China Daily | Updated: 2011-10-13 11:04

Where dinosaurs once roamed

Replicas of dinosaur skeletons on display at a Liaoning museum. Zhao Jingdong / Asia News Photo

Five-year-old Zhang Zihao is a big dinosaur fan. The kindergartner owns dinosaur books, miniature dinosaur models, and in the past year and a half has already dragged his mother four times to the Bird Fossils National Geopark in their home city of Chaoyang.

"His favorite exhibits are the life-size dinosaur models," Zhang's mother Zhu Yan says.

A three-story, first-rate fossil museum in a third-tier Chinese city is quite remarkable. But more so is the ground underneath it.

Chaoyang's Sihetun village, an hour by car from the city center, yielded one of mankind's most significant fossil finds - the sinosauropteryx, the first feathered dinosaur ever unearthed, which lived during the late Jurassic Period, 160-145 million years ago.

Its discovery was further proof that birds evolved from dinosaurs, and at the same time put into question the legitimacy of the long-established "earliest bird", the archaeopteryx.

"A lot of the uniquely avian features that archaeopteryx has have turned out to be not so unique after all," Lawrence Witmer, a paleontologist at Ohio University, wrote in the July 27 issue of the scientific journal Nature. "Perhaps the time has come to finally accept that archaeopteryx was just another small, feathered, bird-like theropod fluttering around in the Jurassic."

The Bird Fossils Geopark stands beside another excavation site, in Shangheshou village, a 15-minute drive from downtown. Steps lead to the bottom of the pit, 4.5 meters below ground, where visitors can see through protective glass the fish, birds and plants that thrived here 100 million years ago. The pit also shows the layers of volcanic lava that obliterated these creatures.

The 2,300-square-meter geopark museum, opened in 2007, is a wonderful showcase of the prehistoric world. Its collection includes dinosaur skeletons, fossil trees, a cross-section of a lake showing 128 types of fish, the fossil of a prehistoric turtle whose tail is as long as its body, water lizards, insects and shells.

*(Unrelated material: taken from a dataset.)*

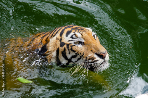© Nisathon Studio, Naklejka premium Focus on the Male tiger swimming in green

Naturally, the museum's most prized exhibit is the sinosauropteryx, reproductions of which are displayed on the second floor, beside fossils of other feathered dinosaurs unearthed in Chaoyang, in western Liaoning province. (The original fossils are kept in Beijing and Nanjing.) There's also the achaefructaceae, another local find, which the geopark is hailing as the world's "first flower".

One exhibit not to miss are two psittacosaurus, or parrot-mouthed dinosaurs, caught in the act of love.

"They met, fell in love, then the volcano erupted," Song Shuang, a museum tour guide, says. "How often do you see something like this?"

The discovery of paleontological gems in Chaoyang has spawned a vibrant, local fossil industry.

Downtown, between the North and South pagodas, where relics of the Sakyamuni Buddha and his teacher were discovered at the turn of the century, is Murong Street, more popularly known as Fossil Street.

The 800-meter-long street is lined with shops offering "second-class" fossils, merchandise mimicking some of the museum's contents. For 5 yuan (78 US cents), you can take home a framed, mirror-image pair of tiny fossil fish embedded in slate, or a carving made from fossil tree for 78,000 yuan ($12,244).

The fossils, say shopkeepers, are supplied by local prospectors - it was a farmer who unearthed the first sinosauropteryx fossil in August 1996, while digging to plant trees. Obviously, the locals have learned that there's more than one type of gem buried under their feet.